▶ _EXERCISE INPUTS_
Segment Open

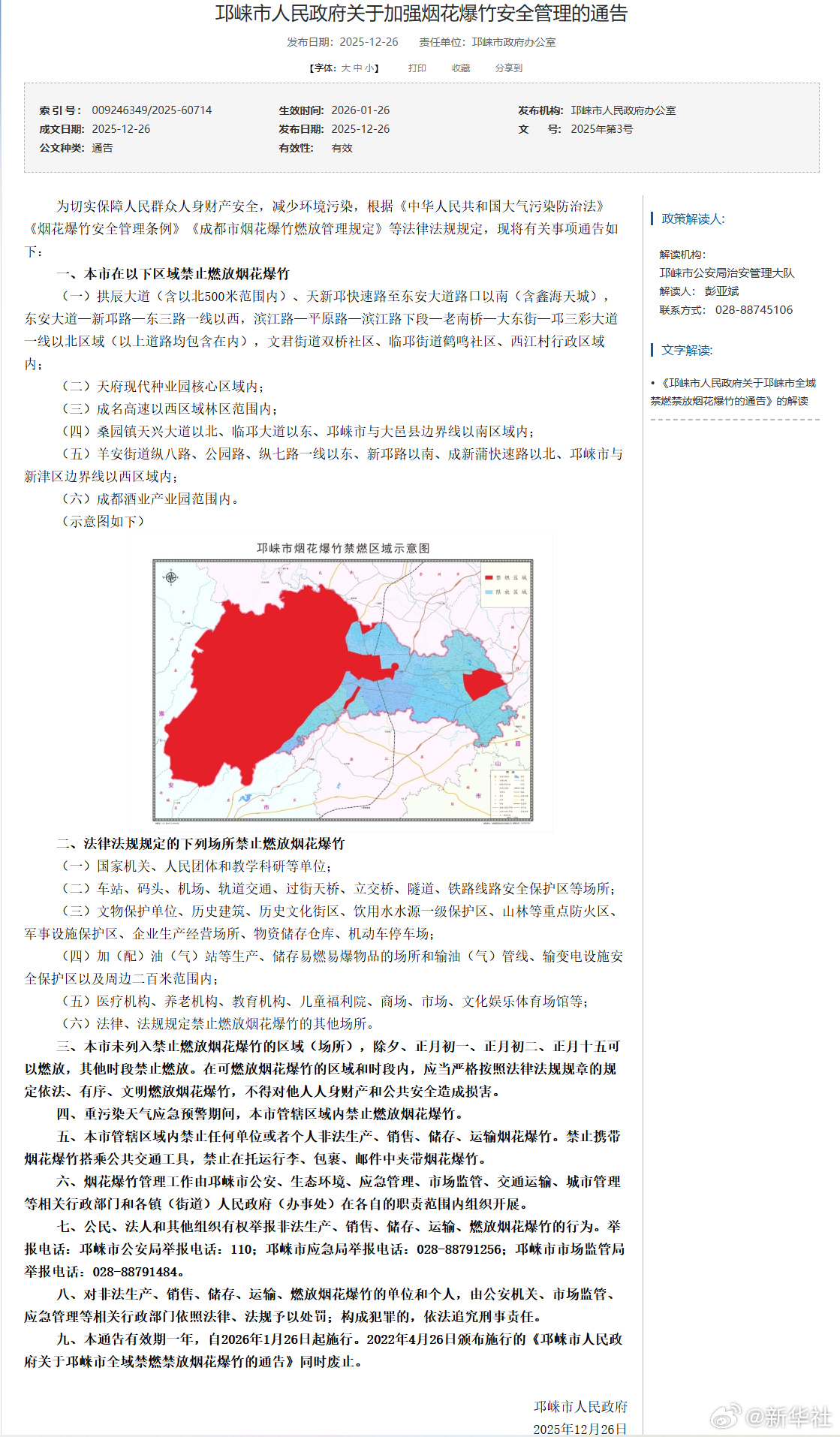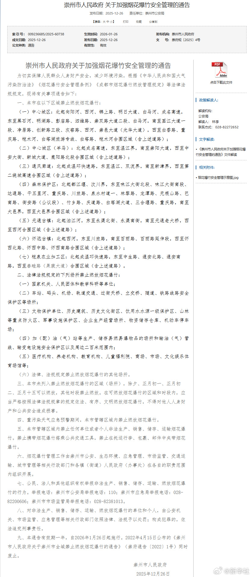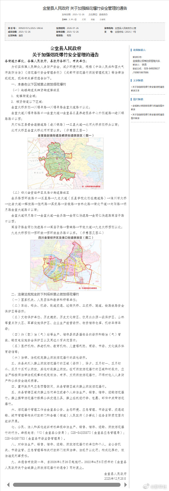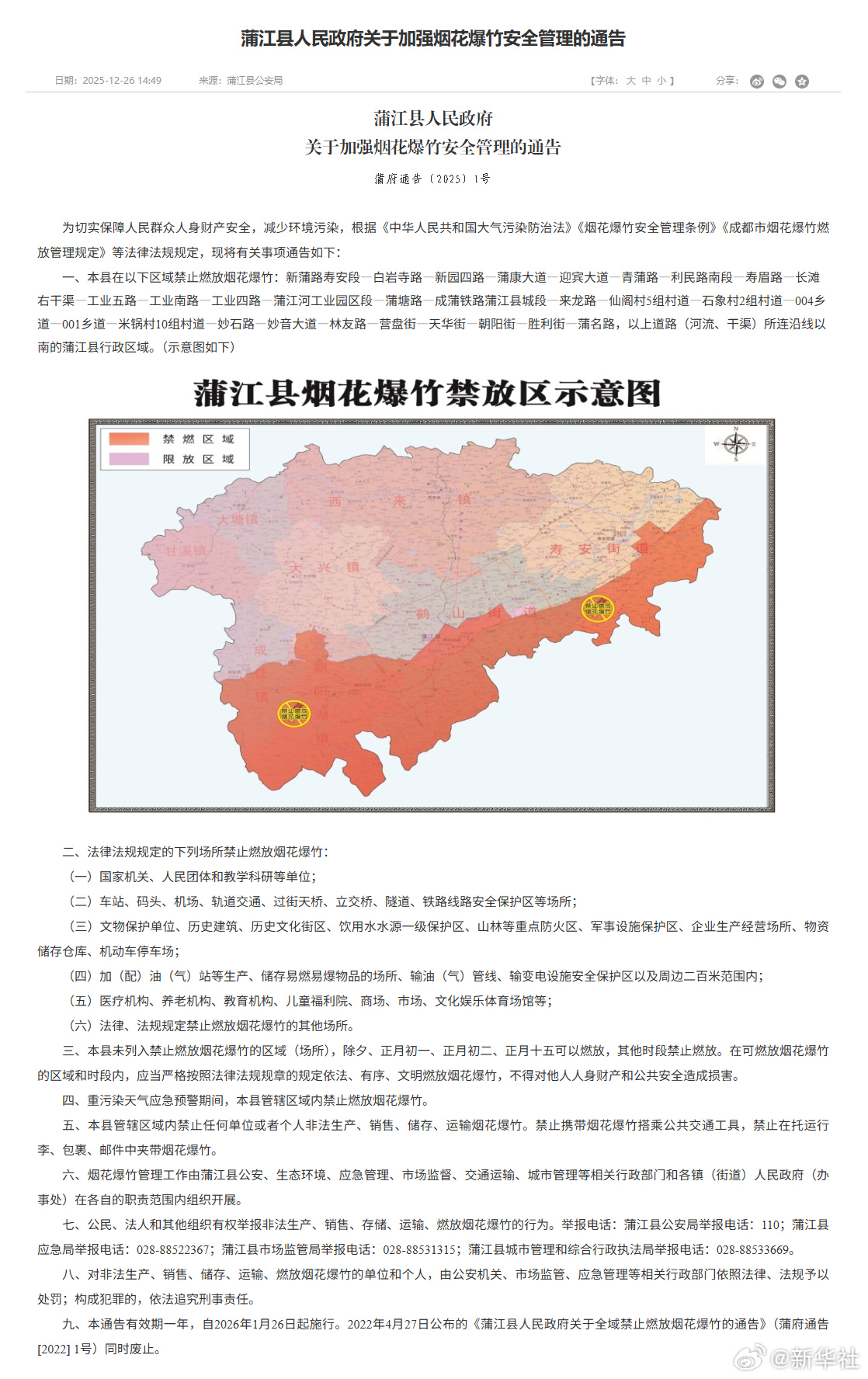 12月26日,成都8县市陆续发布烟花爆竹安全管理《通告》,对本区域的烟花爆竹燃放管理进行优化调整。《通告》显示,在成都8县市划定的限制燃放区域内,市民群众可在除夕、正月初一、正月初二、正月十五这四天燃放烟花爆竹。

Segment Closed
Segment Open

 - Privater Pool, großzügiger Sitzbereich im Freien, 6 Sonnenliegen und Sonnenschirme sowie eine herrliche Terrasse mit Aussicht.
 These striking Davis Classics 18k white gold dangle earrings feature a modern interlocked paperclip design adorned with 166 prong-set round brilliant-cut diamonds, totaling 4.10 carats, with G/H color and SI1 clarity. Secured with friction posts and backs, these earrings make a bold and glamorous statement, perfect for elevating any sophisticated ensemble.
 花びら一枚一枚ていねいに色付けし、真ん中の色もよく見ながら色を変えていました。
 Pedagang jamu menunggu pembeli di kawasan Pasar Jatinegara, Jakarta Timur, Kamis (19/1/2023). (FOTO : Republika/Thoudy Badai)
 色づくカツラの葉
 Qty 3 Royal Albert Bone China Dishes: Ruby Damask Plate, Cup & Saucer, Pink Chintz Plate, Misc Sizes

Segment Closed

▶ _EXERCISE DIRECTIONS_
When you reach the line in the material above that holds "- Privater Pool, großzügiger", begin reproducing lines exactly, and stop after the line that holds "Qty 3 Royal".

▶ _EXERCISE ANSWER_
 - Privater Pool, großzügiger Sitzbereich im Freien, 6 Sonnenliegen und Sonnenschirme sowie eine herrliche Terrasse mit Aussicht.
 These striking Davis Classics 18k white gold dangle earrings feature a modern interlocked paperclip design adorned with 166 prong-set round brilliant-cut diamonds, totaling 4.10 carats, with G/H color and SI1 clarity. Secured with friction posts and backs, these earrings make a bold and glamorous statement, perfect for elevating any sophisticated ensemble.
 花びら一枚一枚ていねいに色付けし、真ん中の色もよく見ながら色を変えていました。
 Pedagang jamu menunggu pembeli di kawasan Pasar Jatinegara, Jakarta Timur, Kamis (19/1/2023). (FOTO : Republika/Thoudy Badai)
 色づくカツラの葉
 Qty 3 Royal Albert Bone China Dishes: Ruby Damask Plate, Cup & Saucer, Pink Chintz Plate, Misc Sizes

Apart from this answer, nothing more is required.